Dinesh Singh Thakur v. Sonal Thakur, (2018) 17 SCC 12 : (2019) 1 SCC (Civ) 765.Anti-suit injunctions are meant to restrain a party to a suit/proceeding from instituting or prosecuting a case in another court, including a foreign court. Simply put, an anti-suit injunction is a judicial order restraining one party from prosecuting a case in another court outside its jurisdiction. The principles governing grant of injunction are common to that of granting anti-suit injunction. The cases of injunction are basically governed by the doctrine of equity.

12. It is a well-settled law that the courts in India have power to issue anti-suit injunction to a party over whom it has personal jurisdiction, in an appropriate case.
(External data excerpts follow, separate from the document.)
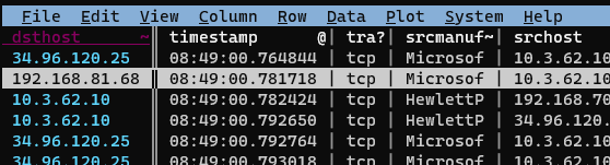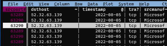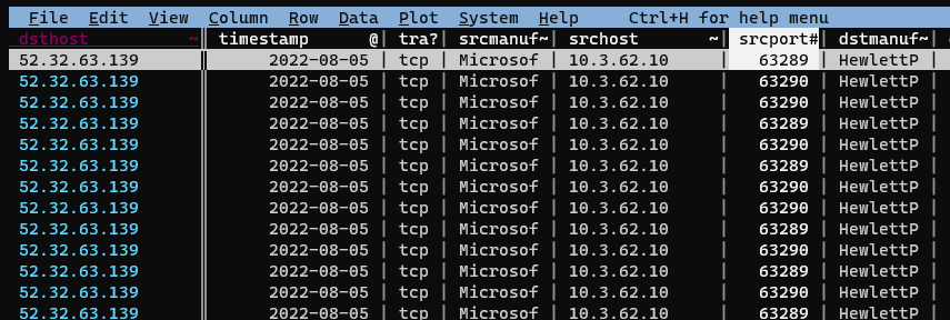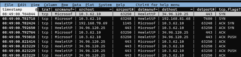 First we’ll open “Duo-Wireshark.pcap” in VisiData: visidata .\Duo-Wireshark.pcap:
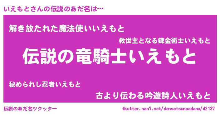 | ヒーロー風カッコイイあだ名 | 『スーパーイエモト』『魔戒騎士イエ』 |
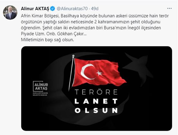 Bursa Büyükşehir'in AK Partili Belediye Başkanı Alinur Aktaş, Milli Savunma Bakanlığı'nın duyurduğu "Afrin'de iki şehidimiz var" haberini bakanlıktan önce paylaştı.

However, before passing the order of anti-suit injunction, courts should be very cautious and careful, and it should be granted sparingly and not as a matter of routine as such orders involve a court impinging on the jurisdiction of another court, which is not entertained very easily specially when it restrains the parties from instituting or continuing a case in a foreign court.

PPN Power Generating Company Limited v. PPN (Mauritius) Company, 2004 SCC OnLine Mad 668 : (2005) 2 LW 389 : (2004) 5 CTC 1 : (2004) 4 Mad LJ 434 : (2005) 3 Arb LR 354 : (2006) 129 Comp Cas 849
25…it is beneficial to deal with the scope of “anti-suit injunction” in general which are culled out from various decisions. The same is not defined or dealt with in the Code of Civil Procedure.
(i) When a court restrains a party to a suit/proceedings before it from instituting or prosecuting a case in another court, including a foreign court, it is called “anti-suit injunction”.
(ii) Anti-suit injunction can be issued on the ground of “equity and good conscience”.
(iii) Anti-suit injunction can be granted “to avoid injustice”.
(iv) If foreign proceedings are “oppressive or vexatious”, such anti-suit injunction can be granted.
(v) To prevent the administration of justice being prevented for unjust ends of justice, anti-suit injunction can be granted with respect to foreign proceedings.
(vi) There must be an equity which entitles one party as against the other, to an injunction to restrain the other from proceeding in the foreign court.
(vii) To protect the courts’ own proceedings and process, anti-suit injunction can be granted.
(viii) If the bringing of the legal proceedings involved unconscionable conduct or unconscientious exercise of legal right, such anti-suit injunction may be granted.
(ix) Though the international anti-suit injunction operates only against the parties, it effectively restricts the jurisdiction of a foreign sovereign’s courts.
(x) International anti-suit injunction can be granted whenever there is a duplication of parties and issues and the court determines with the prosecution of simultaneous proceedings would frustrate the speedy and effective determination of the case.
(xi) There is no precious Rules governing the anti-suit injunction.
(xii) Only in the most compelling circumstances, a court should exercise its discretion to issue an anti-suit injunction.
(xiii) Such injunction is required to prevent irreparable and miscarriage of justice and to prevent the litigants’ evasion of the important public policies of the forum.
(xiv) The Court should exercise such a power granting anti-suit injunction to enjoin foreign suits sparingly and only in very special circumstances.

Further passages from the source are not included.